Advisory Board

Professor Jonathan W. Schooler

The Scientific American article Free Will versus the Programmed Brain said

Many scientists and philosophers are convinced that free will doesn’t exist at all. According to these skeptics, everything that happens is determined by what happened before — our actions are inevitable consequences of the events leading up to the action — and this fact makes it impossible for anyone to do anything that is truly free. This kind of anti-free will stance stretches back to 18th century philosophy, but the idea has recently been getting much more exposure through popular science books and magazine articles. Should we worry? If people come to believe that they don’t have free will, what will the consequences be for moral responsibility?
 
In a clever new study, psychologists Kathleen Vohs at the University of Minnesota and Jonathan Schooler at the University of California at Santa Barbara tested this question by giving participants passages from The Astonishing Hypothesis, a popular science book by Francis Crick, a biochemist and Nobel laureate (as co-discoverer, with James Watson, of the DNA double helix).

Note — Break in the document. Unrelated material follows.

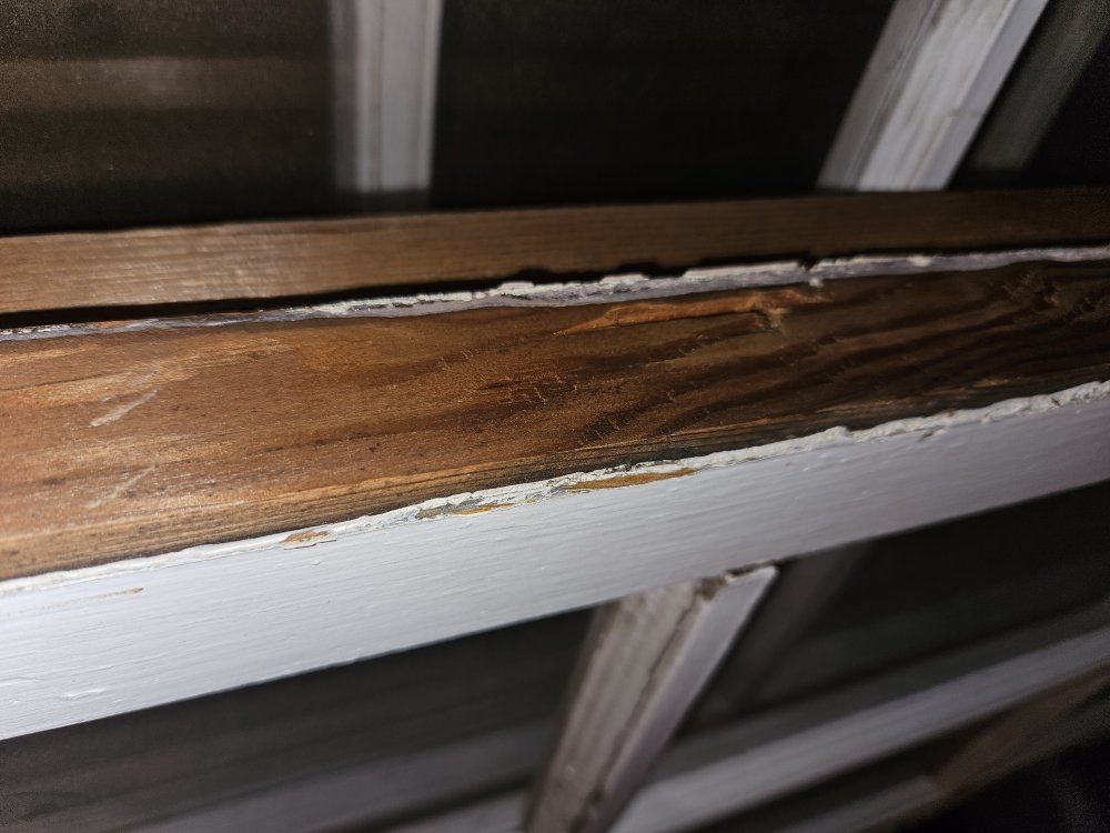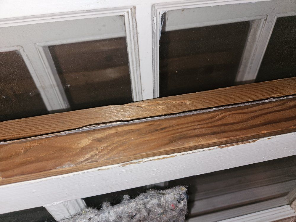 Material: Solid wood (likely vertical grain Douglas Fir or Pine, common for the era). Glass may not be original.

Jonathan W. Schooler, Ph.D. is Professor of Psychology, University of California, Santa Barbara.
 
Jonathan earned his BA at Hamilton College in 1987 and his Ph.D. at the University of Washington in 1987. He joined the psychology faculty of the University of Pittsburgh as an assistant professor that same year and became a research scientist at Pittsburgh’s Learning Research and Development Center. Named a full professor in 2001, he moved on to the University of British Columbia (UBC) in 2004 as professor of psychology, Canada Research Chair in Social Cognitive Science, and senior investigator at UBC’s Brain Research Centre. In 2007 he joined the faculty at UCSB.
 
Jonathan pursues research on consciousness, memory, the relationship between language and thought, problem-solving, and decision-making. He is particularly interested in exploring phenomena that intersect between the empirical and the philosophical such as how fluctuations in people’s awareness of their experience mediate mind-wandering and how exposing individuals to philosophical positions alters their behavior.
 
A fellow of the Association for Psychological Science, he was also an Osher Fellow at the Exploratorium Science Museum in San Francisco. His work has been supported by the National Institute of Mental Health, the Unilever Corporation, the Center for Consciousness Studies, the Office of Educational Research, the Canada Foundation for Innovation, Canada’s Social Sciences and Humanities Research Council, the National Sciences and Engineering Research Council of Canada, the Canadian Institute for Health Research, the Bial Foundation, and the Bower Foundation. He currently is on the editorial boards of Consciousness and Cognition and Social Cognitive and Affective Neuroscience.
 
Jonathan is the author or coauthor of more than one hundred papers published in scientific journals or edited volumes and was the editor (with J.C. Cohen) of Scientific Approaches to Consciousness, which was published in 1997 by Lawrence Erlbaum.
 
He authored Verbalization Produces a Transfer Inappropriate Processing Shift and Re-representing Consciousness: Dissociations Between Experience and Meta-consciousness, and coauthored The Reality of Recovered Memories, The Value of Believing in Free Will, The Restless Mind, Perceptual and conceptual training mediate the verbal overshadowing effect in an unfamiliar domain, Experience, Meta-consciousness, and the Paradox of Introspection, Deciphering the Enigmatic Face: The Importance of Facial Dynamics in Interpreting Subtle Facial Expressions, and Time went by so slowly: Overestimation of event duration by males and females.